___ DATA EXTRACT

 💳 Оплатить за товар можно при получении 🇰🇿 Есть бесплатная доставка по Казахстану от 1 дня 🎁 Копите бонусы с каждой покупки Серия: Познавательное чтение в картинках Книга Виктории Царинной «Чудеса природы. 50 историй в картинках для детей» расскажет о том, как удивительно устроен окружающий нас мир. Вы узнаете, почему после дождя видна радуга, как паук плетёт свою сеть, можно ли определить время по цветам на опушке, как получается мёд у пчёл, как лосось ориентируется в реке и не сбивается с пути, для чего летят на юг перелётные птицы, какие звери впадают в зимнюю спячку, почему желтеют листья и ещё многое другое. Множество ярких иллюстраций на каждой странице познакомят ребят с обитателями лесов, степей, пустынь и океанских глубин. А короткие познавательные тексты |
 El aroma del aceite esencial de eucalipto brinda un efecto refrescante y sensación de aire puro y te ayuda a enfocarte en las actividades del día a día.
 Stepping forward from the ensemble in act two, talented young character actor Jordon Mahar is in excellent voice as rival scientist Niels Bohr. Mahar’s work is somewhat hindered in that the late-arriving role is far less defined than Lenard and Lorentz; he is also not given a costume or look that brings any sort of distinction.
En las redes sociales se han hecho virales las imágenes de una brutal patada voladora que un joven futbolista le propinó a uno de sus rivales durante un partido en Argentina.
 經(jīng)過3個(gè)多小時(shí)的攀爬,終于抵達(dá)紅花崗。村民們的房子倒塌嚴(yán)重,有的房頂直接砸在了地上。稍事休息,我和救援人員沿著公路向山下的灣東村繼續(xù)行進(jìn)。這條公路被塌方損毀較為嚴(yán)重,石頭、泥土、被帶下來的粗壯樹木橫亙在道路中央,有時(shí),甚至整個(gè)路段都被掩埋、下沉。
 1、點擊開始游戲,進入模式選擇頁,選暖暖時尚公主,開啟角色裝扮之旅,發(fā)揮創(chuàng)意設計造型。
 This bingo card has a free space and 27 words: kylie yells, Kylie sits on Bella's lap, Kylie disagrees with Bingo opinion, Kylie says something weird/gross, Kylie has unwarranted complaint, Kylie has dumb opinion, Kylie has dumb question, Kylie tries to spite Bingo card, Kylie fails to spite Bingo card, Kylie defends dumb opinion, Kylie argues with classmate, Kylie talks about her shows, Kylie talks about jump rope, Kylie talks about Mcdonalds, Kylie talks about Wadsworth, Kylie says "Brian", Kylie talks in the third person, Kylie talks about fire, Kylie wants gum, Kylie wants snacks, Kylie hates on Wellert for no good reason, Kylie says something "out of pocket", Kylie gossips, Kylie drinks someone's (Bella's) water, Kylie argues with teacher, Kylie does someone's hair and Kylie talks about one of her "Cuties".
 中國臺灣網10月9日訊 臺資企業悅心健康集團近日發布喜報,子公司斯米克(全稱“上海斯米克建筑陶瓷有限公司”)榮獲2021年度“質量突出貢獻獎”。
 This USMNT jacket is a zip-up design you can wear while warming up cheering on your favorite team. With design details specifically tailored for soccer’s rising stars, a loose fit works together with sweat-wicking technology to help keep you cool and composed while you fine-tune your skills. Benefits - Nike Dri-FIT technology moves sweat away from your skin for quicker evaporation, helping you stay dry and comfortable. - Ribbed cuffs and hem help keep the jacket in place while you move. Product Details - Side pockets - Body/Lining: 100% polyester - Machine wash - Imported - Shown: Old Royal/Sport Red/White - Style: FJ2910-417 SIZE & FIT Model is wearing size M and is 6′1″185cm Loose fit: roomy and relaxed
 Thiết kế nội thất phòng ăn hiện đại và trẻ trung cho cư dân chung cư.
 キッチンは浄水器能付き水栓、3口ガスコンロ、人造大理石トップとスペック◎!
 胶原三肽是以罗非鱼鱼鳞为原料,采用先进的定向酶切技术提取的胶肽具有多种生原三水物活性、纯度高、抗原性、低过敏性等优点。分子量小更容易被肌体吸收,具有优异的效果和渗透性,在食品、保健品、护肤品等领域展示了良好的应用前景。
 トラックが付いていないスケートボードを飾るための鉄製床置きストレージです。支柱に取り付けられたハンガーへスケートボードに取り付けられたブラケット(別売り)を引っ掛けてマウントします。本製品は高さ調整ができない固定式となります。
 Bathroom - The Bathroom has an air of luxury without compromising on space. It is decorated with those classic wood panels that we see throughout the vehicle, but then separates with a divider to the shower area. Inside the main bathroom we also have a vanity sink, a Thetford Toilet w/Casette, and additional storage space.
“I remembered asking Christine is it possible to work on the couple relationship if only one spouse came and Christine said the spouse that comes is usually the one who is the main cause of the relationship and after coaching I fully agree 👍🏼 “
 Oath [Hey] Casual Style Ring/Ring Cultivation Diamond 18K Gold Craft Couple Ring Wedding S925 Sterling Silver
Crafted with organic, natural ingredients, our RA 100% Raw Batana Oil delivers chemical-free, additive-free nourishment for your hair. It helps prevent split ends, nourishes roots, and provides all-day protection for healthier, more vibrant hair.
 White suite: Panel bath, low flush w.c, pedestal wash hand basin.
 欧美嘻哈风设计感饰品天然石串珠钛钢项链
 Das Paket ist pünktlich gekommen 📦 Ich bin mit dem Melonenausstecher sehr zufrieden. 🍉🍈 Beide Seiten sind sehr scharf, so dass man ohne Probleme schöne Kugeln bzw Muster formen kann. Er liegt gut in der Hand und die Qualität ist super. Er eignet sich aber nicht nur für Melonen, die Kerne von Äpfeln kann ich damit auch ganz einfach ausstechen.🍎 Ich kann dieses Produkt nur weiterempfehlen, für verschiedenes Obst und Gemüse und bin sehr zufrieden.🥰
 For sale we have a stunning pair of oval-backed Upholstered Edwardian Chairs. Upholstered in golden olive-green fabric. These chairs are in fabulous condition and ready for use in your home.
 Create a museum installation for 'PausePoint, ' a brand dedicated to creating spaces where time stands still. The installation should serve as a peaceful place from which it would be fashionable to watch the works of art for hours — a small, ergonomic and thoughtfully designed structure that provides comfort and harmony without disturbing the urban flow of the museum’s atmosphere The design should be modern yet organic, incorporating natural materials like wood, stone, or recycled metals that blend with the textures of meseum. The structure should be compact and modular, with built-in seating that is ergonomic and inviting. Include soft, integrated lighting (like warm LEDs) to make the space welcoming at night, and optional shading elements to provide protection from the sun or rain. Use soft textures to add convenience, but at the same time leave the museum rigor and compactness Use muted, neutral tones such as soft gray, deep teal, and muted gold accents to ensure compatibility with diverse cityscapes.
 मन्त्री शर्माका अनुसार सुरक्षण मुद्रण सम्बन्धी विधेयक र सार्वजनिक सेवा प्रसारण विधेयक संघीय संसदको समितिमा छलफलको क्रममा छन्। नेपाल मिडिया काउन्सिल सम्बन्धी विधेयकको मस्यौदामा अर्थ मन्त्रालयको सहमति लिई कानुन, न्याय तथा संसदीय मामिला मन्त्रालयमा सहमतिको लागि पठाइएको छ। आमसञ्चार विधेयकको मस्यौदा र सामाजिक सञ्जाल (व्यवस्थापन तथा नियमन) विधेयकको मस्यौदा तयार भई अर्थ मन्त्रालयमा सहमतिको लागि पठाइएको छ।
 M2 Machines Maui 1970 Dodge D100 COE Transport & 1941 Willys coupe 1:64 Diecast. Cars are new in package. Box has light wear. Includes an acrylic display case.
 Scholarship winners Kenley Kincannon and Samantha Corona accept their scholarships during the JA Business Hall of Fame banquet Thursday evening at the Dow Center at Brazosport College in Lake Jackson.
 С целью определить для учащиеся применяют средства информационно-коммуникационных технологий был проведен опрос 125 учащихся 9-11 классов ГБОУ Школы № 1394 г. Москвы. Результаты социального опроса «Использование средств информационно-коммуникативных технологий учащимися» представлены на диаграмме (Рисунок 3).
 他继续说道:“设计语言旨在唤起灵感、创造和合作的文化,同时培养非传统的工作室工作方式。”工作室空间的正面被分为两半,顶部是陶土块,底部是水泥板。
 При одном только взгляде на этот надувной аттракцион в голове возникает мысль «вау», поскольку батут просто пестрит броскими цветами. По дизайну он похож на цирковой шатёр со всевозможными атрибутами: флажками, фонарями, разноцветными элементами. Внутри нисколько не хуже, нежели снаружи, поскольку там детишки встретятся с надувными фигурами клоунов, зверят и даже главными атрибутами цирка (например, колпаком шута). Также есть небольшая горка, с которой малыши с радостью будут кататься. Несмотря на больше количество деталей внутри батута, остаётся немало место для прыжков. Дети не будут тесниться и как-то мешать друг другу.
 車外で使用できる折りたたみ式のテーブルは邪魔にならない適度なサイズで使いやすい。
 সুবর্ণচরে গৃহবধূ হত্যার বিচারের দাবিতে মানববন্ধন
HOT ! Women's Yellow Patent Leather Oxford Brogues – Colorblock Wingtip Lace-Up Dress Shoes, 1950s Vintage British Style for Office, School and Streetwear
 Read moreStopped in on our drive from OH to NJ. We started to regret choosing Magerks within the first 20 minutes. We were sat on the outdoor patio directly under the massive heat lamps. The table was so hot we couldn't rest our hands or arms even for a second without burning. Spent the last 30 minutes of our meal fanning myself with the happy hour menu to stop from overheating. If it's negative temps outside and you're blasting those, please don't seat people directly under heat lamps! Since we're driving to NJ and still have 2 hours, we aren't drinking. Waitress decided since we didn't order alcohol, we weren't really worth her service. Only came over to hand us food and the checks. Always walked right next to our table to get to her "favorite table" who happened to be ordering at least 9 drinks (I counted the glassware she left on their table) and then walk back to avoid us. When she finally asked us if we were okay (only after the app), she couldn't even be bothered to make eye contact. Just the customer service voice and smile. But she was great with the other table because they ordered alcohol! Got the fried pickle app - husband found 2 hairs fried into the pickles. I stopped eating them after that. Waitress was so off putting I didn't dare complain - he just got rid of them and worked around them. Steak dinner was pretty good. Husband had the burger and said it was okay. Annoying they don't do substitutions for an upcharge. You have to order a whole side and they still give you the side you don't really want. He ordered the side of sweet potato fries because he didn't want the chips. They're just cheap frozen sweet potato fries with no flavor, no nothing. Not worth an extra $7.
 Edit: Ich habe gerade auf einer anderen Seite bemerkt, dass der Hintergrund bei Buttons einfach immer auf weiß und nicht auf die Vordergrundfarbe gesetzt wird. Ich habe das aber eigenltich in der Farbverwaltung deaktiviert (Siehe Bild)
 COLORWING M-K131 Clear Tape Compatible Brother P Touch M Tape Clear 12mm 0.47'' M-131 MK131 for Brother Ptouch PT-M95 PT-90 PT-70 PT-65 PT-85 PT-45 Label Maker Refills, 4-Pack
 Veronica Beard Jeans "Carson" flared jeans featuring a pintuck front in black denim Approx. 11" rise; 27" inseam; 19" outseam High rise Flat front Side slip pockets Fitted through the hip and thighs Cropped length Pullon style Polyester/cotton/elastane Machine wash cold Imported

______

§ WHAT NEEDS TO BE DONE: Print only the lines from the top of the data above down to the line holding "El aroma del", inclusive.

§ ANSWER FOR THIS EXERCISE:
 💳 Оплатить за товар можно при получении 🇰🇿 Есть бесплатная доставка по Казахстану от 1 дня 🎁 Копите бонусы с каждой покупки Серия: Познавательное чтение в картинках Книга Виктории Царинной «Чудеса природы. 50 историй в картинках для детей» расскажет о том, как удивительно устроен окружающий нас мир. Вы узнаете, почему после дождя видна радуга, как паук плетёт свою сеть, можно ли определить время по цветам на опушке, как получается мёд у пчёл, как лосось ориентируется в реке и не сбивается с пути, для чего летят на юг перелётные птицы, какие звери впадают в зимнюю спячку, почему желтеют листья и ещё многое другое. Множество ярких иллюстраций на каждой странице познакомят ребят с обитателями лесов, степей, пустынь и океанских глубин. А короткие познавательные тексты |
 El aroma del aceite esencial de eucalipto brinda un efecto refrescante y sensación de aire puro y te ayuda a enfocarte en las actividades del día a día.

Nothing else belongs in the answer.